Osborne Clarke’s AI engineer, Christian Braun, recently ran tests to compare the capabilities of their OC-GPT-4o model against the well-known legal AI tool, Harvey. Braun suggested that OC’s GPT-4o not only matched but surpassed Harvey’s performance in several areas.
This bold statement has raised eyebrows across the legal tech industry, especially considering the advanced fine-tuning and detailed system prompting that Harvey utilizes.
Testing in a Secure Azure Environment
Braun explained that the tests were conducted in a secure Azure environment using OC-GPT, which is based on GPT-4o. The test aimed to replicate Harvey’s BigLaw Bench results by utilizing identical sample questions. According to Braun, their model not only met Harvey’s outcomes but, in some cases, even exceeded them.
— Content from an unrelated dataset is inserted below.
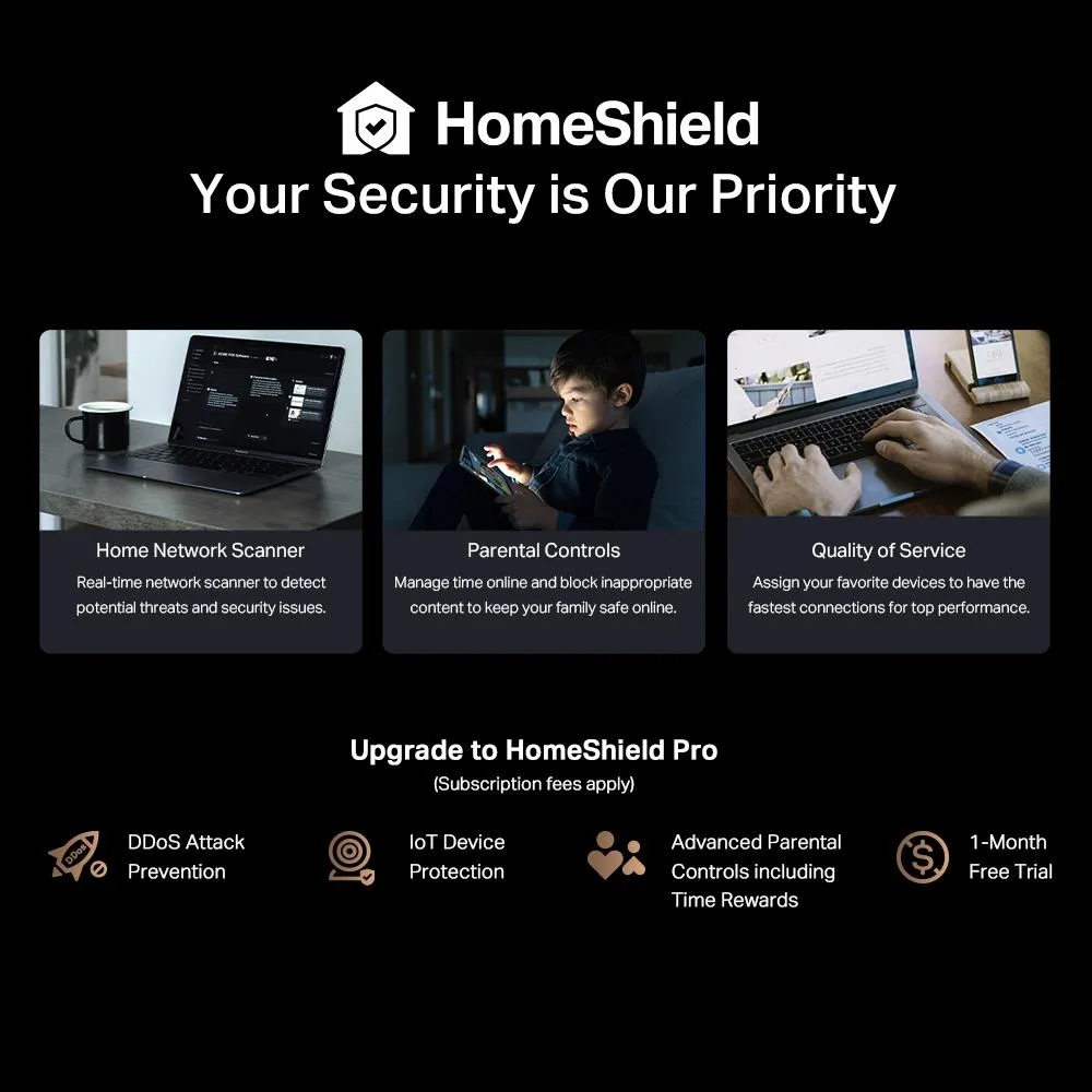 With TP-Link HomeShield, enjoy advanced security features that deliver a safe environment that protects your family and network's data and privacy.

The tests included various prompting techniques, such as “Chain-of-Thought” and “Few-Shot prompting,” excluding hallucinations for accuracy.
The Importance of Prompt Engineering
Braun emphasized the critical role that prompt engineering plays in achieving optimal results. He encouraged law firms to educate their staff on prompt engineering to fully unlock the potential of AI systems.
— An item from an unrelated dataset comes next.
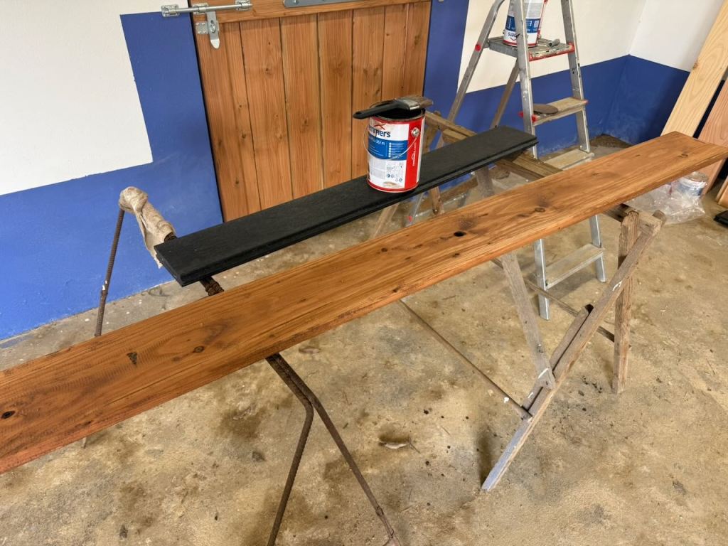 Geschaafd betekent dat de plank dan echt helemaal glad is en bij fijnbezaagd heeft het het nog een grove structuur. Waarom zo veel informatie? Nou, omdat het voor het verfwerk nogal wat uitmaakt! De gladde zijde is heel makkelijk met de kwast in de beits te zetten, maar de fijnbezaagde kant heeft meer werk; om de beits goed dekkend te laten zijn moet je er met de kwast een paar keer goed overheen met voldoende beits op de kwast. Dit begint op werken te lijken!

He also questioned whether Harvey’s results could be improved with better prompts, sparking further interest in the comparative capabilities of these two models.
What Are the Differences in Evaluation Methods?
Despite OC’s impressive claims, there are significant concerns about whether the tests were truly comparable. Harvey’s team used a much more comprehensive evaluation process. They didn’t just look for a correct answer; instead, they analyzed how well the AI could assist a lawyer in completing a task.
They employed bespoke rubrics designed to assess the model’s effectiveness, penalizing common failure modes like incorrect tone, irrelevant material, and hallucinations. This detailed scrutiny could be why Harvey’s model is considered more accurate, despite OC’s higher performance claims.
Critical Differences in Judgment
While OC stated they excluded hallucinations from their evaluation, they didn’t explain if they considered more nuanced criteria like tone or task relevance. These factors are vital in legal work, and omitting them could make OC’s results less reliable.
It’s unclear whether OC’s tests involved the same number of cases as Harvey’s. Harvey publicly released only six examples, but their internal assessments involved dozens more. The limited scope of OC’s tests might have skewed the results.
The Need for Standardized AI Testing
This debate highlights the growing need for standardized AI testing in the legal field. If two organizations can run what they believe to be the same test and achieve different outcomes, the industry must develop common standards.
Without shared guidelines, legal AI tools risk being judged inconsistently, leading to potentially misleading claims about their capabilities.
Conclusion: A Call for Common AI Benchmarks
Braun’s claim that OC-GPT-4o surpasses Harvey is an intriguing one, but without standardized testing, it’s difficult to fully trust the results. The legal tech industry must prioritize the creation of shared evaluation methods to ensure transparency and accuracy in AI performance.
Key Takeaways
- Osborne Clarke’s GPT-4o claims to outperform Harvey in several tests.
- Prompt engineering plays a crucial role in AI effectiveness.
- There’s a need for standardized AI evaluation methods in the legal field.
In the end, the real question remains: Did OC-GPT-4o truly surpass Harvey, or were the tests not comparable?